Professor Li Lanjuan says ‘imported cases could trigger another large-scale epidemic’
Beijing’s leading health official has warned of a new coronavirus outbreak in China stemming from “imported cases” that “could trigger another large-scale epidemic.”
Professor Li Lanjuan, a member of China’s expert team on the Chinese virus, is warning that the nation is facing a second outbreak due to the increasing number of infections detected among new arrivals from abroad.
Voicing her concerns of a second wave of COVID-19, Prof. Li says she is “very worried that imported cases could trigger another large-scale epidemic in our country.”
Her comment came after health officials reported the country’s first case of someone who is believed to have contracted the disease, known as COVID-19, from another person returning from abroad.
It also came as life in former epicenter Wuhan is slowly returning to normal following a two-month draconian lockdown.
Professor Li, 73, told China News today that the control and prevention of imported cases was an ‘arduous’ task for medical workers.

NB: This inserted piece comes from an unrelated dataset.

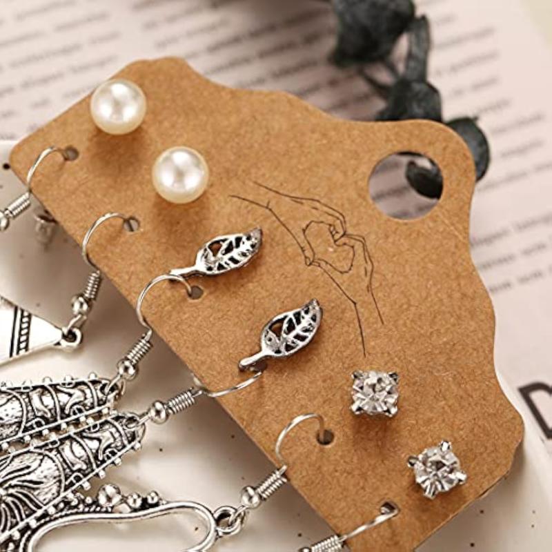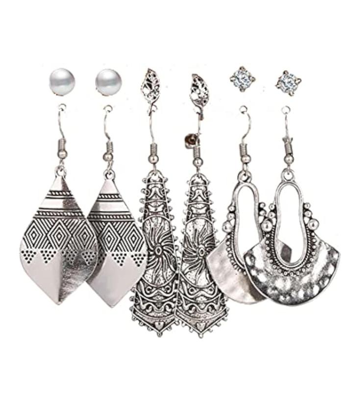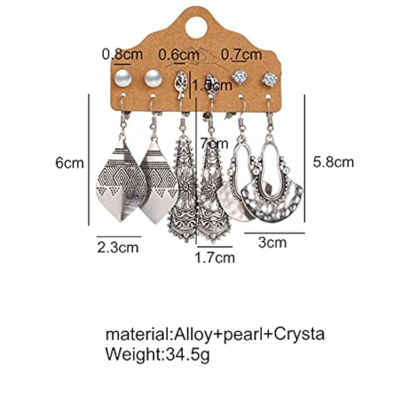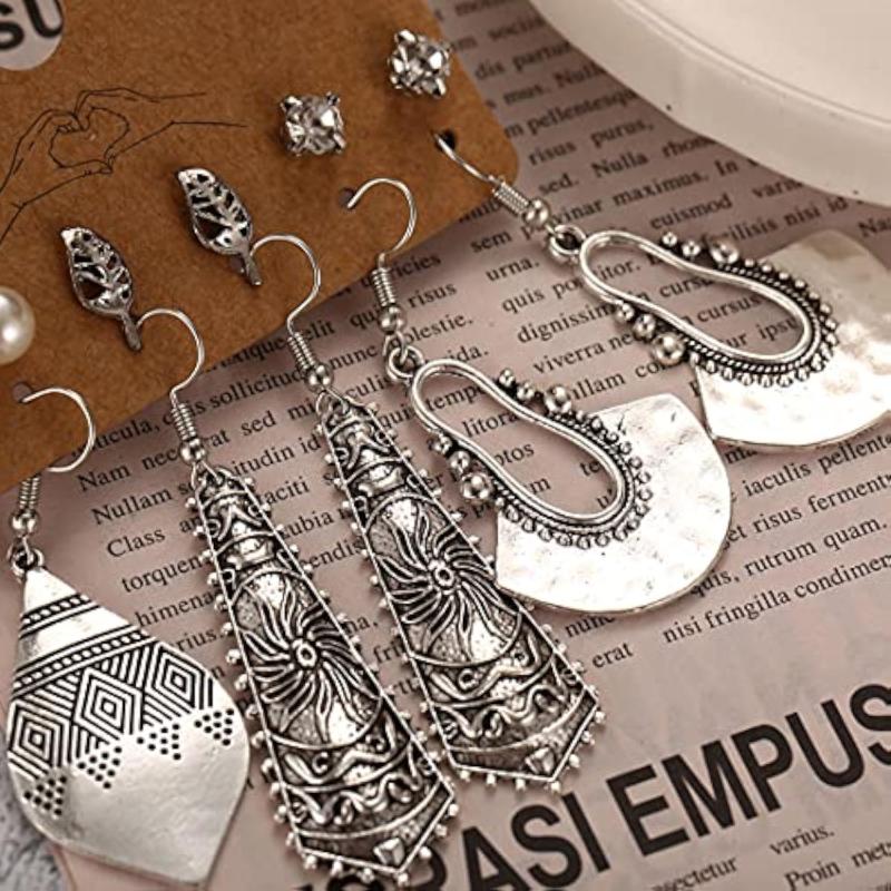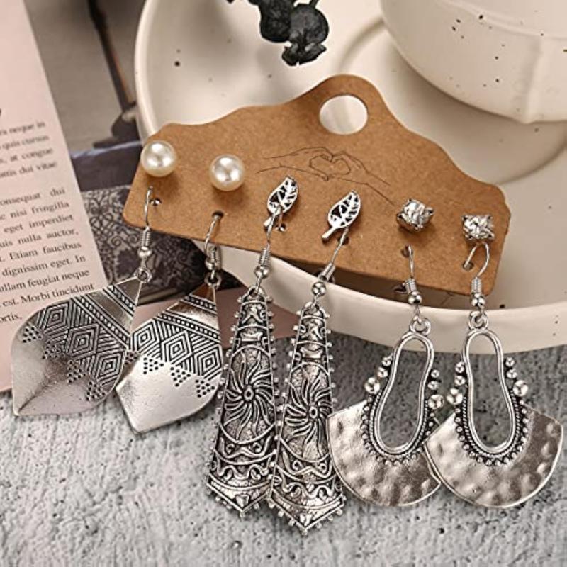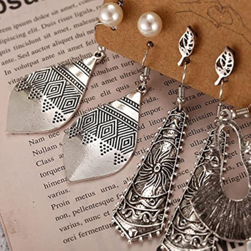 Get this stunning set of 6 pairs of earrings featuring mysterious pearls and AD stones. Made with oxidised German silver plating, these earrings are perfect for adding a touch of elegance to your outfit.

“This requires us to continue to intensify our efforts and work tirelessly to prevent the coronavirus pneumonia epidemic from spreading in other cities,” Li said.
Prof. Li has led her medical team to fight the virus in Wuhan for more than 50 days.
She told state newspaper People’s Daily in Wuhan: “The mission in Wuhan has not been accomplished, and there are still many critical patients.
“Furthermore, I think the current situation in our country is very tough.
“[I am] very worried that imported cases could trigger another large-scale epidemic in our country.
“Can we make every effort to guard our country and prevent another epidemic from happening? This is a tough challenge.”
She also demanded officials identify those who were struck down by the virus but have not been officially diagnosed.
She warned that they could re-ignite the epidemic.
Doctors in Guangzhou, the provincial capital of Guangdong, have diagnosed a coronavirus patient who fell ill after having close contact with a person entering China from Turkey.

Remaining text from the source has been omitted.